Tidak mudah bagi Zhou Xiao untuk menghentikan tawanya, berusaha untuk berdiri dan mengatakan sesuatu, menyadari Cai Yasi sedang menyilangkan kedua tangannya di dada dan menatapnya dengan tajam, em… sepertinya tidak lucu lagi.
“Em… aku tidak sengaja.” Setelah mengatakannya, Zhou Xiao memejamkan mata dan menunggu Cai Yasi menciumnya.
Cai Yasi menatap matanya yang tertutup rapat, entah dia sedang gugup atau sedang menahan tawa. Bulu mata dan bibirnya sedikit bergetar. Hidungnya hampir menyentuh hidung Zhou Xiao, namun tiba-tiba dia tidak memiliki keinginan untuk menciumnya lagi. Dia membenturkan dahinya dengan dahi Zhou Xiao dengan kuat, Zhou Xiao mengaduh dan langsung menyentuh dahinya. Zhou Xiao menatapnya dengan tatapan mencela, tenaga yang digunakan oleh Cai Yasi tidaklah dengan skala kecil.

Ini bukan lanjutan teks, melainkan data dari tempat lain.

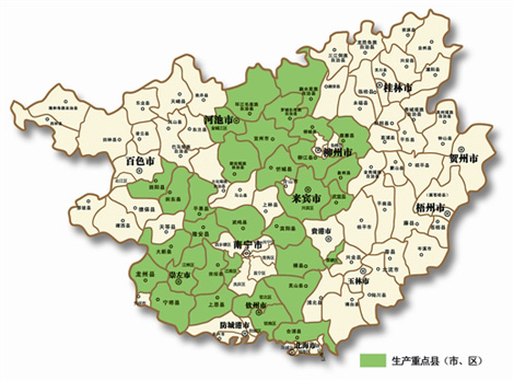 广西糖料蔗生产重点县(市、区)分布图

“Aku juga tidak sengaja,” Dia mengatakannya dengan suara rendah, berbalik dan masuk ke dalam mobil. Kekuatan yang dia gunakan untuk menutup pintu pasti akan membuat orang berpikir dia berniat untuk mengganti mobilnya dengan yang baru.
Lalu dengan suara keras, mobil itu menghilang dari hadapannya. Meninggalkan asap dari pipa knalpot dan air mata di mata Zhou Xiao yang sedang mengelus dahinya.